We run this pipeline on each image in our video stream to get this final result. One extra thing I did for our video stream is that I used the heat maps of previous images to get stable boxes around the vehicles. I kept a buffer of 10 heat maps which I summed and thresholded.

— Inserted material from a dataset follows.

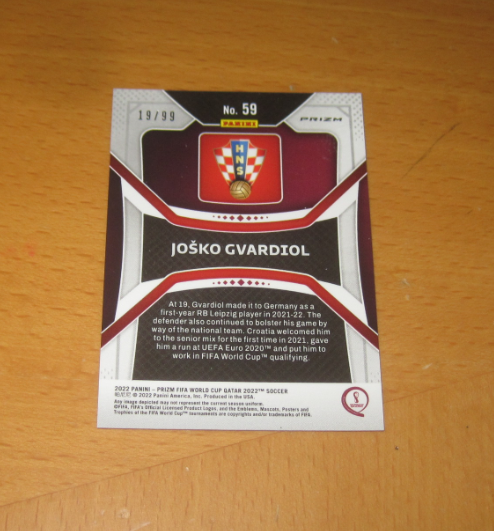 2022 Panini Prizm JOSKO GVARDIOL 【hurrylin拍卖】帕尼尼 世界杯 球星卡 折射 限量 99编 RC 克罗地亚 格瓦迪奥尔 极微小瑕疵 品相如图

The algortihm is successfully identifying vehicles when they are in range however there is much room for improvement. For future work one could:
- Create a vehicle class and keep track of which pixels are associated with which vehicles.
- A pitfall of the current algortihm is that the classifier was not trained on different weather conditions and that may make it act unpredictably.
- The algorithm can also be further trained to differentiate between vehicle types.